Materials provided section start

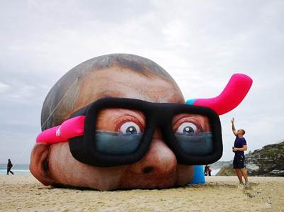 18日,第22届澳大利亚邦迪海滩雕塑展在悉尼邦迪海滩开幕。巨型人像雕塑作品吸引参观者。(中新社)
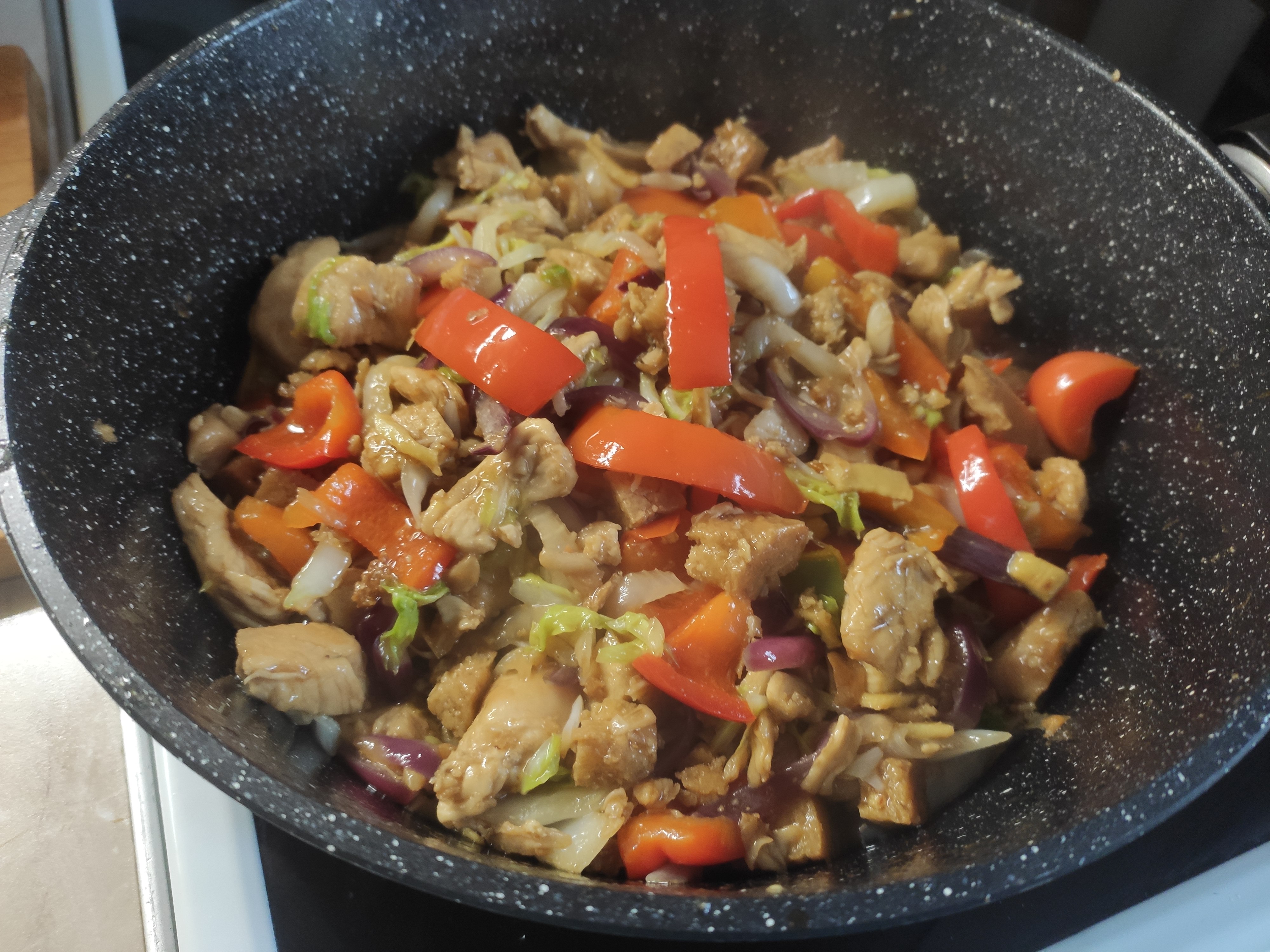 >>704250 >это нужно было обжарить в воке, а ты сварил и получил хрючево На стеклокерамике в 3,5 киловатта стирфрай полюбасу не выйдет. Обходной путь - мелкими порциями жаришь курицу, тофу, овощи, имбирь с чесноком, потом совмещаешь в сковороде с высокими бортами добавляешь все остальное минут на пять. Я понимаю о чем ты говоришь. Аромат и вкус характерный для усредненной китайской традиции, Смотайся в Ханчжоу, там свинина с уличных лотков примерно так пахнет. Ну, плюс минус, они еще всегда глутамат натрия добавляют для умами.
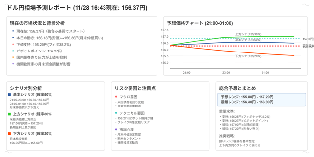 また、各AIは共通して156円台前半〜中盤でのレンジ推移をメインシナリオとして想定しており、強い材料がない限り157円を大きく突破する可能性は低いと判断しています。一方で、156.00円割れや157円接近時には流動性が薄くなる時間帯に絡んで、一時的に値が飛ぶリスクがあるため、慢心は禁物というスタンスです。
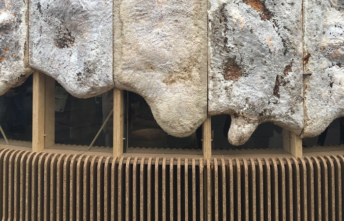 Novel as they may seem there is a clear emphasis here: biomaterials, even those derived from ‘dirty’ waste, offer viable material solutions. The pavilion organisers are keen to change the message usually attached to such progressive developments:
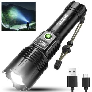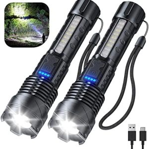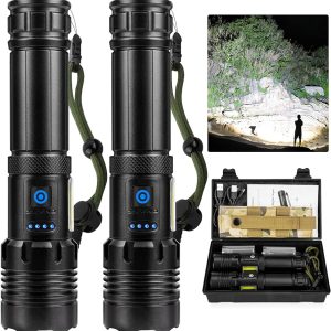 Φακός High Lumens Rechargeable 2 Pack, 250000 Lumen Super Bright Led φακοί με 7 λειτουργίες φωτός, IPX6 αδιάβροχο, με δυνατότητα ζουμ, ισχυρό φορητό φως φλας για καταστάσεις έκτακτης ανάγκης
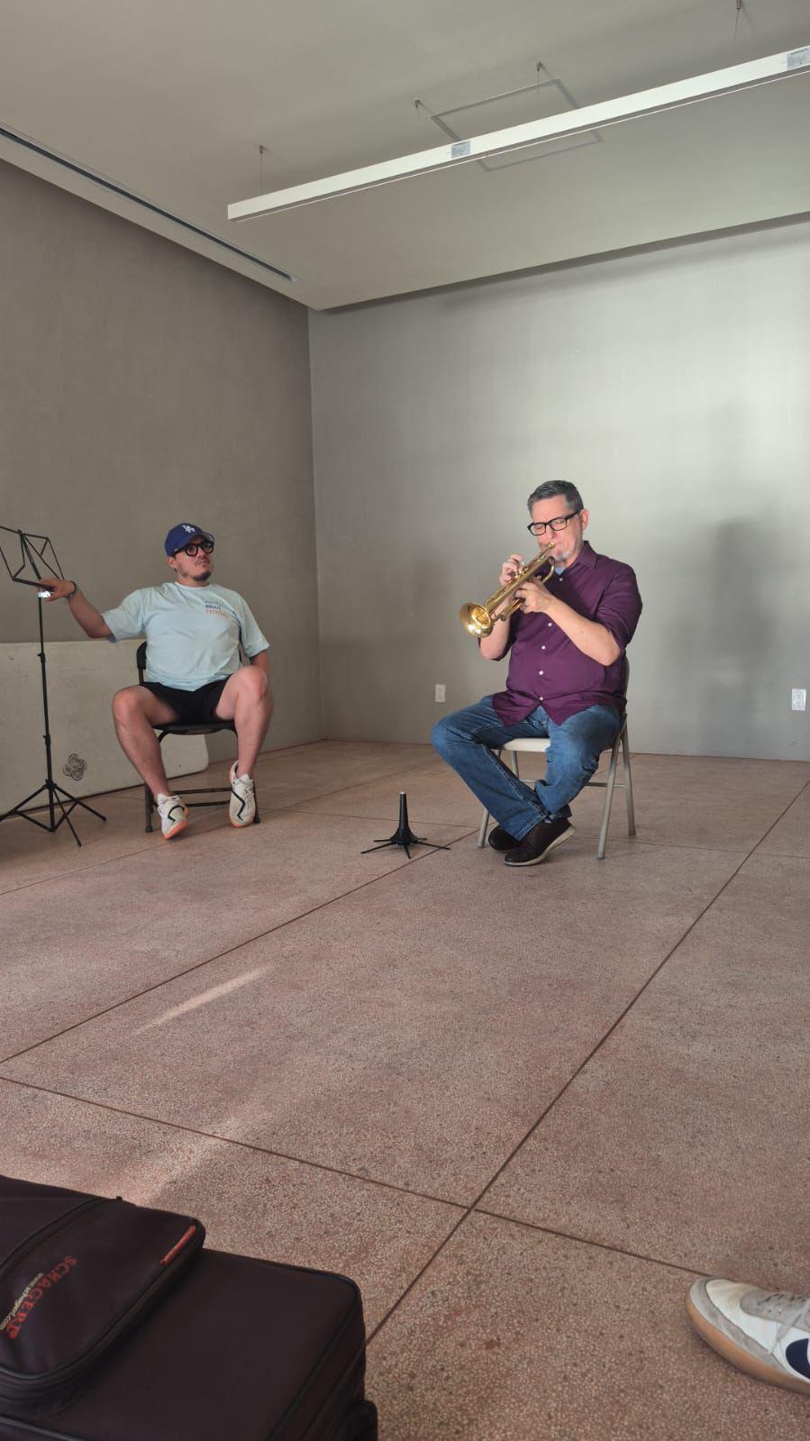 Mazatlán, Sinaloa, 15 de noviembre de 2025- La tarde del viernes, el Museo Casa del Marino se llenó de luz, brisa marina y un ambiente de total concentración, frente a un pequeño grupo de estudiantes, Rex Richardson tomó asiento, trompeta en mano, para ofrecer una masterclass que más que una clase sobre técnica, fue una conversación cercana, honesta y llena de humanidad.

Materials provided section end

Prompt
Please transcribe the entries exactly, omitting the images.

Expected answer
 18日,第22届澳大利亚邦迪海滩雕塑展在悉尼邦迪海滩开幕。巨型人像雕塑作品吸引参观者。(中新社)
 >>704250 >это нужно было обжарить в воке, а ты сварил и получил хрючево На стеклокерамике в 3,5 киловатта стирфрай полюбасу не выйдет. Обходной путь - мелкими порциями жаришь курицу, тофу, овощи, имбирь с чесноком, потом совмещаешь в сковороде с высокими бортами добавляешь все остальное минут на пять. Я понимаю о чем ты говоришь. Аромат и вкус характерный для усредненной китайской традиции, Смотайся в Ханчжоу, там свинина с уличных лотков примерно так пахнет. Ну, плюс минус, они еще всегда глутамат натрия добавляют для умами.
 また、各AIは共通して156円台前半〜中盤でのレンジ推移をメインシナリオとして想定しており、強い材料がない限り157円を大きく突破する可能性は低いと判断しています。一方で、156.00円割れや157円接近時には流動性が薄くなる時間帯に絡んで、一時的に値が飛ぶリスクがあるため、慢心は禁物というスタンスです。
 Novel as they may seem there is a clear emphasis here: biomaterials, even those derived from ‘dirty’ waste, offer viable material solutions. The pavilion organisers are keen to change the message usually attached to such progressive developments:
 Φακός High Lumens Rechargeable 2 Pack, 250000 Lumen Super Bright Led φακοί με 7 λειτουργίες φωτός, IPX6 αδιάβροχο, με δυνατότητα ζουμ, ισχυρό φορητό φως φλας για καταστάσεις έκτακτης ανάγκης
 Mazatlán, Sinaloa, 15 de noviembre de 2025- La tarde del viernes, el Museo Casa del Marino se llenó de luz, brisa marina y un ambiente de total concentración, frente a un pequeño grupo de estudiantes, Rex Richardson tomó asiento, trompeta en mano, para ofrecer una masterclass que más que una clase sobre técnica, fue una conversación cercana, honesta y llena de humanidad.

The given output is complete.